Quarto, entendam ou não, memorizem: escolham sabiamente cinco ‘habilidades solidificadas’, pois isso definirá o rumo do crescimento de vocês e a base de seu poder. O nível deste mundo é alto; apesar do perigo, os sistemas que podem ser acessados são igualmente ricos. Não sei quais conexões privilegiadas permitiram que vocês entrassem aqui, mas esta é uma oportunidade. Aproveitem.
Por fim, vejo potencial em vocês, então vou contar um segredo. Nesta provação, vocês podem ativar previamente informações de ‘profissão’. Se completarem as tarefas prévias necessárias, poderão reduzir consideravelmente os custos para obter uma ocupação no futuro.
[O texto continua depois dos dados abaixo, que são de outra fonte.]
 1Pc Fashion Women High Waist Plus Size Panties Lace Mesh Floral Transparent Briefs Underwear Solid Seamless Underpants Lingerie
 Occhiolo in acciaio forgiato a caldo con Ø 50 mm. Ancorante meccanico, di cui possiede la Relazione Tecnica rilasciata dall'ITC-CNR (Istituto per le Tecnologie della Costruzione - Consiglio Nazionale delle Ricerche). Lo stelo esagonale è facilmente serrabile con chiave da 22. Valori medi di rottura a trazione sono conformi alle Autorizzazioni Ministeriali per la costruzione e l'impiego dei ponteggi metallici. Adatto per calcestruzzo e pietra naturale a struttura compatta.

Isso é tudo, adeus.”
...
A guia falou longamente, esclarecendo as dúvidas mais frequentes e os pontos que, em sua opinião, mereciam maior atenção. Terminada a explicação, virou-se para partir.
“Espere!”
Ao perceber que ela estava realmente decidida a ir embora, com um tom que sugeria que não cuidaria mais deles, os sobreviventes ao lado de Bai Lang entraram em pânico.
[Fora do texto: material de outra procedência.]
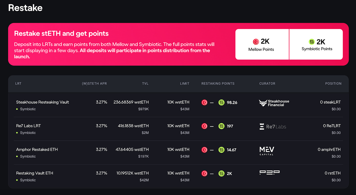 Points? - Yes, points. Both Symbiotic and Mellow points start occurring immediately. The dashboards to see your stats will not be fully accurate at first. But just so you know, both points are already accruing to stakers-depositors in these respective Mellow vaults. How many, at what speed, when new assets, when do rules change and other details - will be posted in the coming days. Keep an eye on socials to stay up-to-date.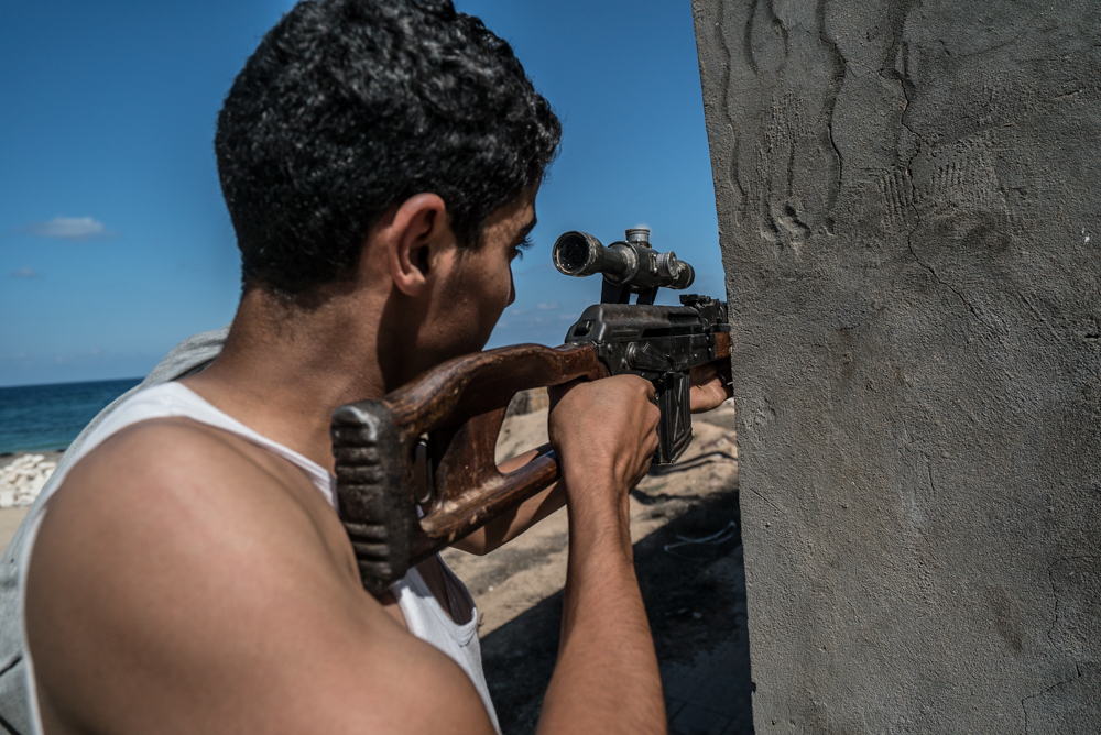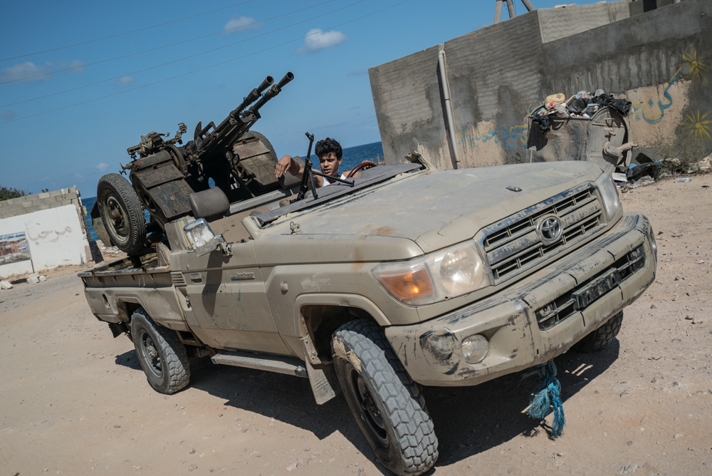 In the smuggling epicenter Sabratha, we accompanied a militia group as they fought for control over smuggling routes. It was a Mad Max style war: large tactical vehicles raced through Roman ruins, topless men with gold teeth and flip-flops fired rocket-propelled grenades from makeshift front lines. (Photo: Spencer Chumbley/VICE News)

Era como ser enganado por uma agência de trabalho, levado para terras estrangeiras em busca de fortuna, e, ao chegar, vendido por um capataz inescrupuloso a uma mina isolada, recebendo apenas um dinheiro de sobrevivência, sendo então abandonado à própria sorte.
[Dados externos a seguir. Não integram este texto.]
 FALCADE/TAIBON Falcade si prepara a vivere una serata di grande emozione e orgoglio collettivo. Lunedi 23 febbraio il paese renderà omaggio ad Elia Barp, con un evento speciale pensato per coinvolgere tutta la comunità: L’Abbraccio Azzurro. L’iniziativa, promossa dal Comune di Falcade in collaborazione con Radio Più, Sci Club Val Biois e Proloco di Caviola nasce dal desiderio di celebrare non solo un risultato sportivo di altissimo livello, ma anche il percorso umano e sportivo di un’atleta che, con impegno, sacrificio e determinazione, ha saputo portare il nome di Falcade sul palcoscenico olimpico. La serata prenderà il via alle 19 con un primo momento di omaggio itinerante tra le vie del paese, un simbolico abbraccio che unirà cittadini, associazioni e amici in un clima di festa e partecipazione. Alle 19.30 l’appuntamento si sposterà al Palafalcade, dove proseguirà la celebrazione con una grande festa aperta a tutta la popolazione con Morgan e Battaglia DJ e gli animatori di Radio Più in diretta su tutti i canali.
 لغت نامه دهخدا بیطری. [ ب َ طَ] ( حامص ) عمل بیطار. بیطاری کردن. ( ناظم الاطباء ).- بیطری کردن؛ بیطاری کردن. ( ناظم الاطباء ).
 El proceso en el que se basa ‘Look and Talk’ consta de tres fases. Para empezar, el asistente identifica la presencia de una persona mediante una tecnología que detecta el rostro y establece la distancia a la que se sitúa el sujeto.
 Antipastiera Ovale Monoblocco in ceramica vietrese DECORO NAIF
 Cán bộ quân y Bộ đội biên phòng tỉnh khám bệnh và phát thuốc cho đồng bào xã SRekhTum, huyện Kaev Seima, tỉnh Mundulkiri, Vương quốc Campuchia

Todos, de repente, sentiram-se desamparados e tentaram, instintivamente, agarrar-se à única tábua de salvação, impedindo-a de ir embora.
“O que mais querem?” – perguntou a guia, impaciente.
“Se tudo o que diz é verdade, não é dever do ‘guia’ proteger e orientar os novatos?” – alguém questionou.
“Boa pergunta! Para a maioria dos guias, sim. Vocês são como rebanho, e eles recebem recompensas por proteger e orientar vocês. Quanto menos mortes e maior a taxa de sobrevivência, melhores as avaliações e ganhos deles.”
“Mas eu sou diferente. Estou apenas aqui neste mundo para me recuperar. Não me interesso pelas recompensas, só preciso de ‘tempo’ e ‘tranquilidade’. Quanto à vida ou morte de vocês...” – neste ponto, ela deu de ombros, mostrando que não se importava.
“Se por isso guardarem rancor, não precisam. Cada guia tem seu próprio estilo; alguns, inclusive, exploram e extorquem os novatos. O Paraíso supervisiona tudo nos bastidores, mantendo certo equilíbrio. A ajuda e as informações que ofereci já ultrapassam o limite do que um guia normalmente faria. Mesmo que eu queira ajudar mais, o Paraíso irá me restringir.”
“Ou seja, fui dispensada por fazer meu trabalho bem demais! Desejo sorte a todos, até logo.” Explicou, e partiu sem olhar para trás, deixando o grupo a se entreolhar, perdido.